On Feb 25, 2008, at 4:13 PM, Si Hammond wrote:

> Hi Guys,
>
> We have a very large executable written in C++, C, F77 and F90 (and we
> use all of these compilers!). Our code compiles and links fine but
> when
> we run it on our cluster (under PBSPro) we get the errors at the
> bottom
> of the email.
> I wondered if you guys could shed any light on this? Seems to be an
> odd
> error than MPI_COMM_WORLD is an invalid communicator? Do you think
> its a
> hardware fault or a compilation issue? For reference we're using
> OpenMPI
> 1.2.5 with InfiniBand connected via a Voltaire switch. Processors are
> Intel Dual Core. Compilers are GNU C (gcc), C++ (g++) and gfortran.
>
>
> [node207:12109] *** An error occurred in MPI_Allreduce
> [node109:11337] *** An error occurred in MPI_Allreduce
> [node109:11337] *** on communicator MPI_COMM_WORLD
> [node109:11337] *** MPI_ERR_COMM: invalid communicator
> [node109:11337] *** MPI_ERRORS_ARE_FATAL (goodbye)

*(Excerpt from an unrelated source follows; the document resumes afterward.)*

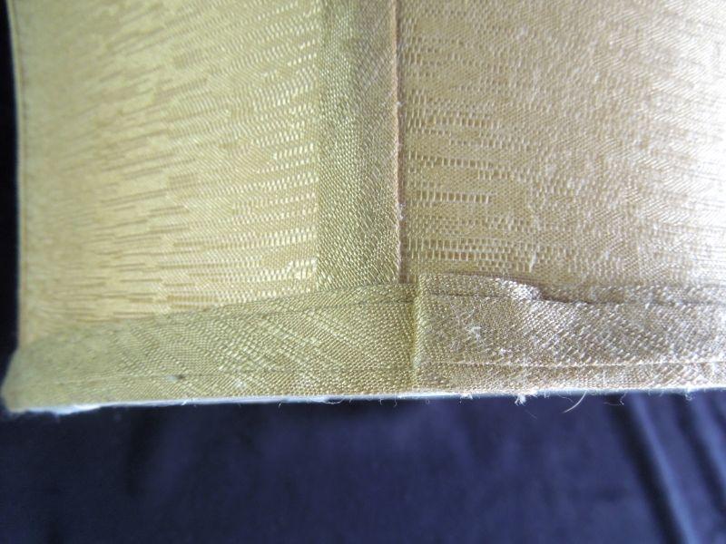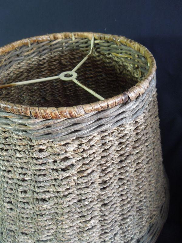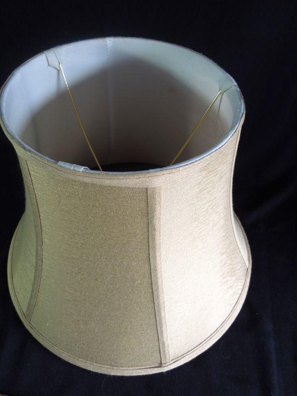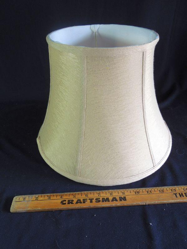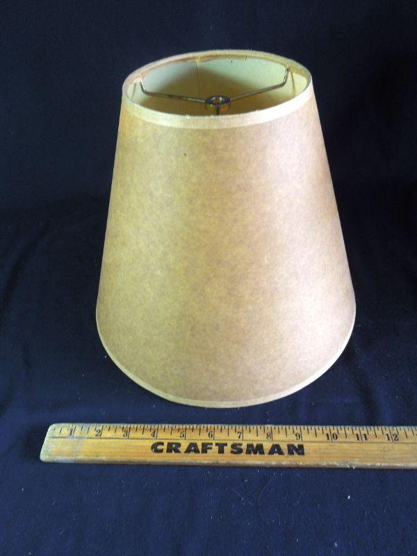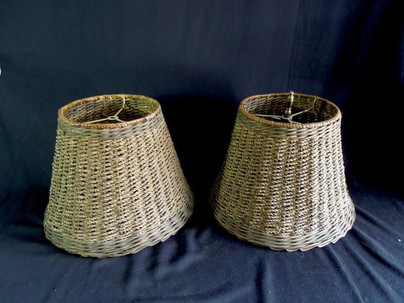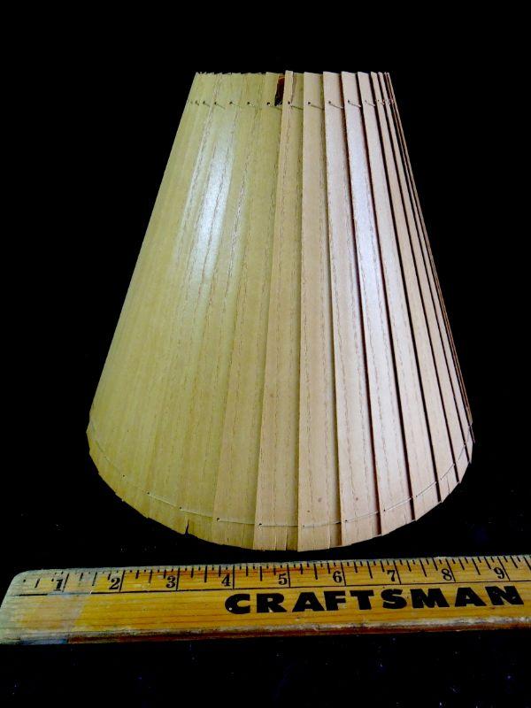Two matching woven jute and reed 9" H x 12" W shades with no damage (only one has bracket); an elegant gold silk, fully lined 11"H x 15" W tailored shade (no damage); a parchment or handmade paper 10" H x 12" W shade in very good condition and a oriental style wood slat 8.5" H x 10.5" W shade with broken sections.

> [node117:11236] *** An error occurred in MPI_Allreduce
> [node117:11236] *** on communicator MPI_COMM_WORLD
> [node117:11236] *** MPI_ERR_COMM: invalid communicator
> [node117:11236] *** MPI_ERRORS_ARE_FATAL (goodbye)
> [node113:11288] *** An error occurred in MPI_Allreduce
> [node113:11288] *** on communicator MPI_COMM_WORLD
> [node113:11288] *** MPI_ERR_COMM: invalid communicator
> [node113:11288] *** MPI_ERRORS_ARE_FATAL (goodbye)
> [node111:11295] *** An error occurred in MPI_Allreduce
> [node111:11295] *** on communicator MPI_COMM_WORLD
> [node111:11295] *** MPI_ERR_COMM: invalid communicator
> [node111:11295] *** MPI_ERRORS_ARE_FATAL (goodbye)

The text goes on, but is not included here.